Bioperl 1.5.1

I am pleased to announce the 1.5.1 developer release of Bioperl.

Essential links here Core http://bioperl.org/DIST/bioperl-1.5.1.tar.gz http://bioperl.org/DIST/bioperl-1.5.1.zip http://bioperl.org/DIST/bioperl-1.5.1.tar.bz2

Run http://bioperl.org/DIST/bioperl-run-1.5.1.tar.gz http://bioperl.org/DIST/bioperl-run-1.5.1.zip http://bioperl.org/DIST/bioperl-run-1.5.1.tar.bz2

Ext http://bioperl.org/DIST/bioperl-ext-1.5.1.tar.gz http://bioperl.org/DIST/bioperl-ext-1.5.1.zip http://bioperl.org/DIST/bioperl-ext-1.5.1.tar.bz2

MD5 sum http://bioperl.org/DIST/SIGNATURES.md5

Please see my mailing list post for more information.

I have appended the Change log from Bioperl core compents below 1.5.1 Developer release

o Major problem with how Annotations were written out with Bio::Seq is fixed by reverting to old behavior for Bio::Annotation objects.

o Bio::SeqIO

- genbank.pm \* bug #1871; REFLOOP’ parsing loop, I changed the pattern to expect at l east 9 spaces at the beginning of a line to indicate line wrapping.

\* Treat multi-line SOURCE sections correctly, this defect broke both common_name() and classification()

\* parse swissprot fields in genpept file

\* parse WGS genbank records

- embl.pm \* Changed regexp for ID line. The capturing parentheses are the same, the difference is an optional repeated-not-semi- colon expression following the captured S+. This means the regexp works when the division looks like /PRO;/ or when the division looks like /ANG ;/ - the latter is from EMBL repbase

\* fix ID line parsing: the molecule string can have spaces in it. Like: “genomic DNA”

- swiss.pm: bugs #1727, #1734

- entrezgene.pm \* Added parser for entrezgene ASN1 (text format) files. Uses Bio::ASN1::EntrezGene as a low level parser (get it from CPAN)

o Bio::AlignIO

- maf.pm coordinate problem fixed

o Bio::Taxonomy and Bio::DB::Taxonomy

- Parse NCBI XML now so that nearly all the taxonomy up-and-down can be done via Web without downloading all the sequence. o Bio::Tools::Run::RemoteBlast supports more options and complies to changes to the NCBI interface. It is reccomended that you retrieve the data in XML instead of plain-text BLAST report to insure proper parsing and retrieval of all information as NCBI fully expects to change things in the future. o Bio::Tree and Bio::TreeIO

- Fixes so that re-rooting a tree works properly

- Writing out nhx format from a newick/nexus file will properly output bootstrap information. The use must move the internal node labels over to bootstraps. for my $node ( grep { ! $_->is_Leaf } $tree->get_nodes ) { $node->bootstrap($node->id); $node->id(’’); } - Nexus parsing is much more flexible now, does not care about LF.

- Cladogram drawing module in Bio::Tree::Draw

- Node height and depth now properly calculated

- fix tree pruning algorithm so that node with 1 child gets merged

o Graphics tweaks.

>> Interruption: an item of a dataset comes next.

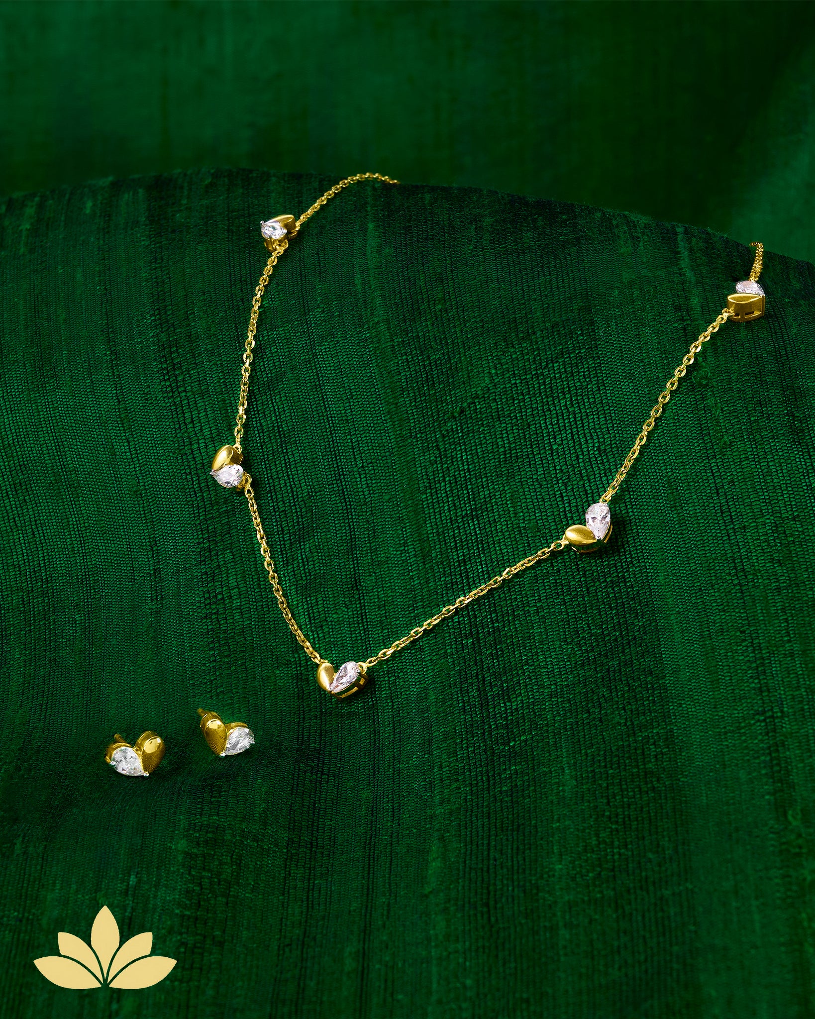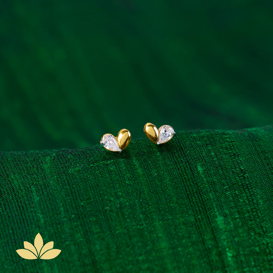 One drop shaped premium zircon stone placed opposite a drop shaped silver plate, both at opposing diagonals, creating a heart shape. This is finished with a real gold polish. This earring is supported by our proprietary push back paige. It is less than 1” in height.

Glyph::xyplot improved. Many other small-medium sized bugs and improvements were added, see Gbrowse mailing list for most of these.

o Bio::DB::GFF partially supports GFF3. See information about gff3_munge flag in scripts/Bio-DB-GFF/bulk_load_gff.pl.

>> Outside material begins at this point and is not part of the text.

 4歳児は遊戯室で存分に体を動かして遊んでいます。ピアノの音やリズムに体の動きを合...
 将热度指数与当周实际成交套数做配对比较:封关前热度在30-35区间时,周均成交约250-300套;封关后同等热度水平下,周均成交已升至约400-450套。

o Better location parsing in Bio::Factory::FTLocationFactory - this is part of the engine for parsing EMBL/GenBank feature table locations. Nested join/order-by/complement are allowed now

o Bio::PrimarySeqI->translate now takes named parameters

o Bio::Tools::Phylo::PAML - parsing RST (ancestral sequence reconstruction) is now supported. Parsing different models and branch specific parametes are now supported.

o Bio::Factory::FTLocationFactory - parse hierarchical locations (joins of joins)

o Bio::Matrix::DistanceMatrix returns arrayrefs instead of arrays for getter/setter functions

o Bio::SearchIO

- blast bug #1739; match scientific notation in score and possible e+ values

- blast.pm reads more WU-BLAST parameters and parameters, match a full database pathname,

- Handle NCBI WEB and newer BLAST formats specifically (Query|Sbjct:) match in alignment blocks can now be (Query|Sbjct).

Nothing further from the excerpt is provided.